Think Worldcom (Now MCI). Or Kmart Corp. (Now Sears). When times are tough, a name change might be in order. Such is the case with Hollinger International, publisher of The Chicago Sun-Times and once one of the largest publishers of community newspapers in the U.S. The company announced Monday it was changing its name to Sun Times Media Group in an effort to distance itself from its major stockholder, Hollinger Inc., once controlled by mighty Conrad Black. The company was a major international media congolmerate, controlling vast numbers of papers in Canada, as well as major, respected dailies in London and Jerusalem.

Back in the day, Hollinger operated in the U.S. under the American Publishing banner, and owned an assortment of newspapers in Mississippi, including The Meridian Star, Laurel Leader Call, Starkville Daily News and West Point Daily Times Leader, among others.

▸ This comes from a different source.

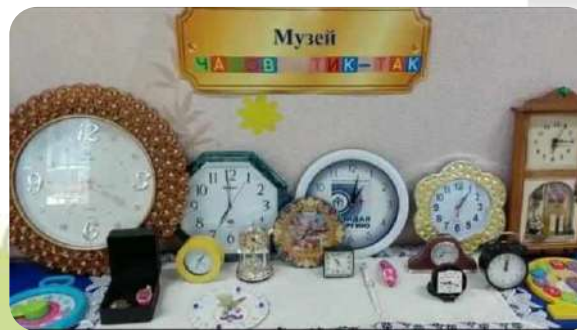
Музей часов «Тик-Так»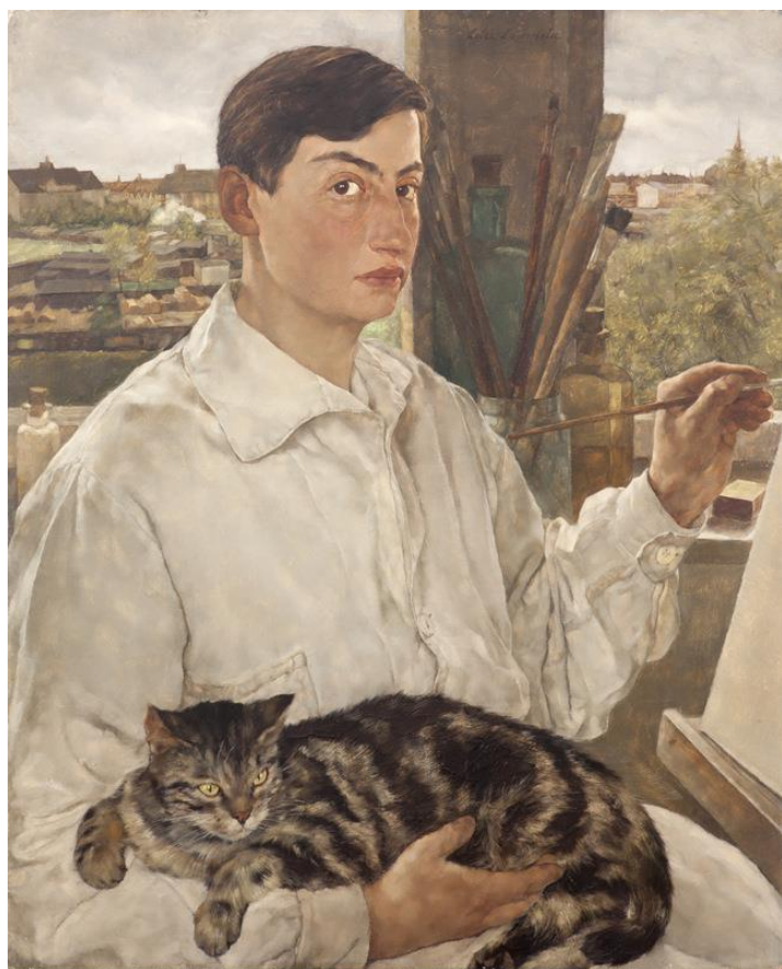
Figura 7: Lotte Laserstein, Self-Portrait with cat , 1928.

The company eventually sold off most all of its holdings outside the Chicagoland area to buyers like Liberty Group and CNHI. Sales of papers in the late 90s are what eventually led to Black’s legal troubles, which began in earnest a couple of years ago.

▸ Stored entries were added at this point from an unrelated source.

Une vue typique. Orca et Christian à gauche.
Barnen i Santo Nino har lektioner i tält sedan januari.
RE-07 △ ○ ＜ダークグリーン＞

Oregon Newspaper Award Winners

Monday, July 17th, 2006

What you’ve all been waiting on…results from the Oregon Newspaper Association 2006 Better Newspaper Contest, which we judged this spring.

Part of the McClatchy Klatsch

Monday, July 17th, 2006

We ran across this profile of The Sun Herald on the McClatchy Website.

When Congress Goes Awry

Monday, July 17th, 2006

Waco (Texas) Tribune-Herald Opinion Page editor John Young invokes the memory of 19th century Mississippi newspaper editor William McCardle, a vehement opponent of Reconstruction, in his argument against Congress overstepping its bounds and dictating boundaries for the Judicial Branch.

More Ink About the Coast

Saturday, July 15th, 2006

A correspondent for the Daytona News-Journal recently visited Biloxi and offers this grim assessment of the state of our post-Katrina coast.

FEMA: We Don’t Zip our Lips

Friday, July 14th, 2006

A FEMA spokesman took his gag off long enough Thursday to deny the agency, bruised and battered by public opinion after a staggering display of ineptitude following Hurricane Katrina, has a zipped-lip policy of not commenting or appearing at public meetings where the media might be present.

A pub called the Greater Baton Rouge Business Report apparently did not get the memo.